Between February 2006 and May 2007, Al Kassar agreed to sell to the FARC millions of dollars worth of weapons, including thousands of machine guns, millions of rounds of ammunition, rocket-propelled grenade launchers (RPGs), and surface-to-air missile systems (SAMs). During a series of recorded telephone calls, e-mails, and in-person meetings, Al Kassar agreed to sell the weapons to two confidential sources working with the DEA (the CSs), who represented that they were acquiring these weapons for the FARC, with the specific understanding that the weapons were to be used to attack United States helicopters in Colombia.

During their consensually-recorded meetings, Al Kassar provided the CSs with, among other things: (1) a schematic of the vessel to be used to transport the weapons; (2) specifications for the SAMs he agreed to sell to the FARC; and (3) bank accounts in Spain and Lebanon that were ultimately used to receive and conceal more than $400,000 sent from DEA undercover accounts that the CSs represented were FARC drug proceeds for the weapons deal. During his meetings with the CSs, Al Kassar reviewed Nicaraguan end-user certificates that he accepted despite knowing that the arms were destined for the FARC in Colombia.
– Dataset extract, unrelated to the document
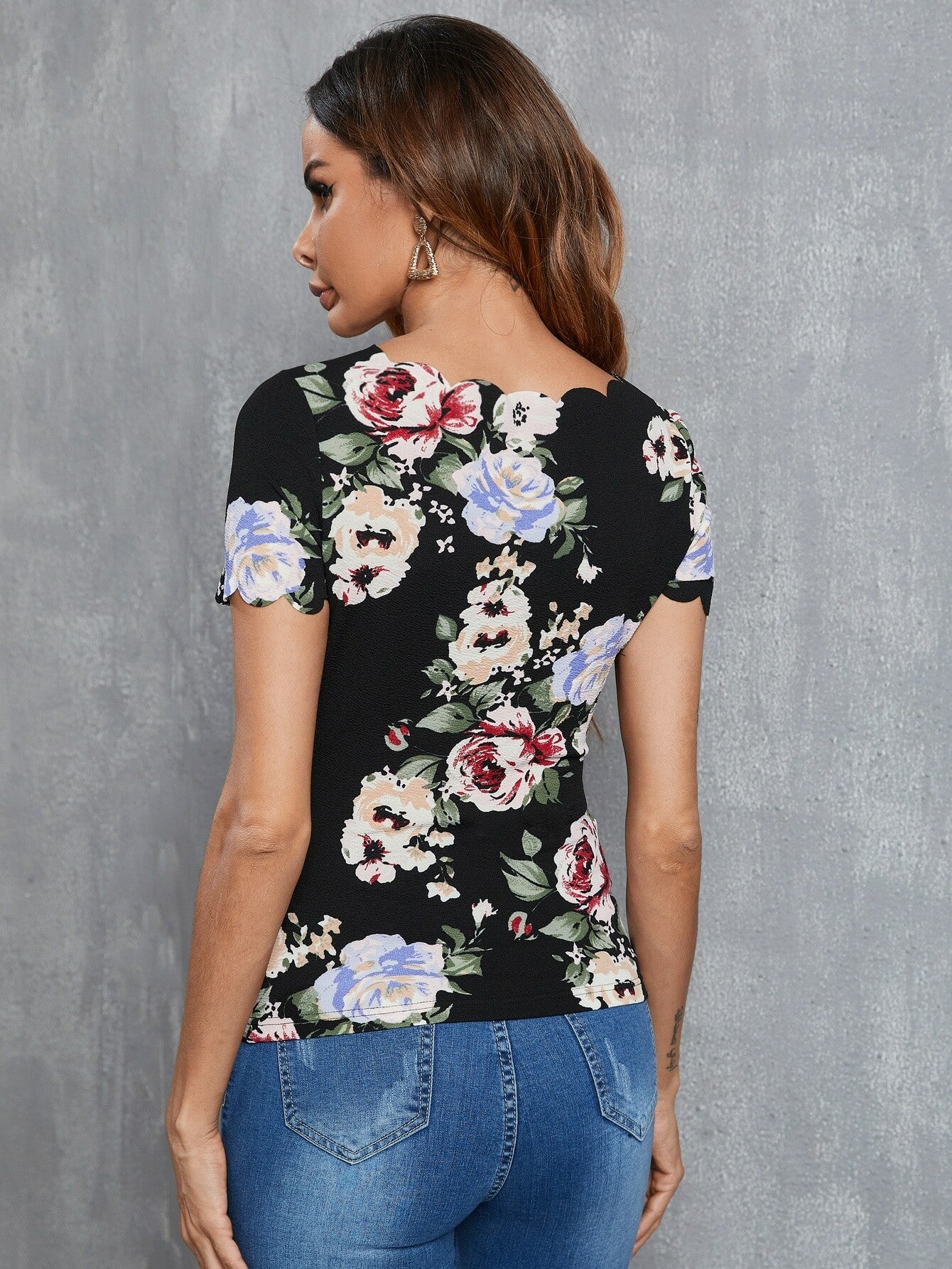 Body floral festonné imprimé 95% Polyester, 5% Élasthanne, Extensibilité légère Multicolore & Style Casual
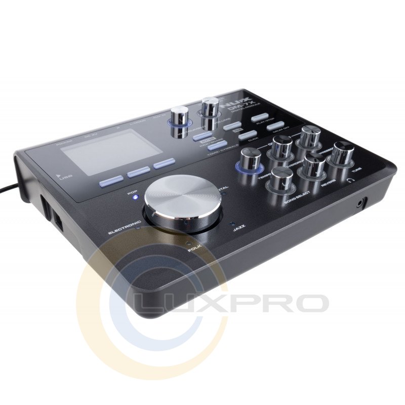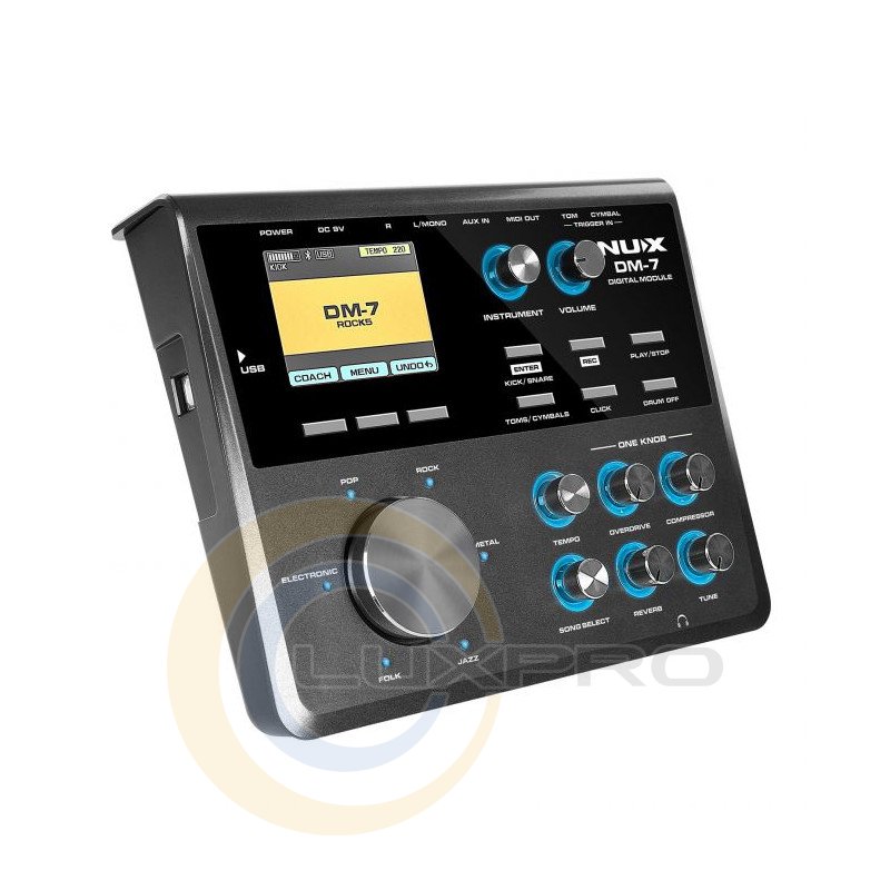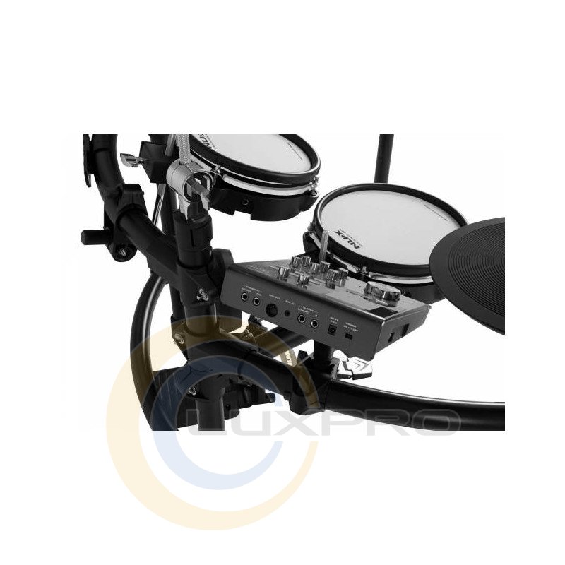 DM-7X - ударна установка. Педи малого барабана NDP-10 та томів NDP-8 оснащені технологією Dual-Triggering (пластик та обід) та сітчастими пластиками від Remo, що забезпечує точне спрацювання та реалістичні тактильні відчуття. Зміна тембру відбувається залежно від місця та сили удару. Надійна вигнута форма стійки забезпечує просту та швидку установку та елегантний зовнішній вигляд.

Al Kassar also promised to provide the FARC with ton-quantities of C-4 explosives, as well as expert trainers from Lebanon to teach the FARC how to effectively use C-4 and improvised explosive devices (commonly referred to as IEDs). In addition, Al Kassar offered to send a thousand men to fight with the FARC against United States military officers in Colombia.

The Indictment charges Al Kassar with four separate terrorism offenses:

Count One: Conspiracy to kill United States nationals, in violation of Title 18, United States Code, Section 2332(b);

Count Two: Conspiracy to kill United States officers or employees, in violation of Title 18, United States Code, Sections 1114 and 1117;

Count Three: Conspiracy to acquire and use anti-aircraft missiles, in violation of Title 18, United States Code, Section 2332g; and

Count Four: Conspiracy to provide material support or resources to a designated foreign terrorist organization, in violation of Title 18,

United States Code, Section 2339B.

In addition, Al Kassar is charged in Count Five with money laundering, in violation of Title 18, United States Code, Section 1956.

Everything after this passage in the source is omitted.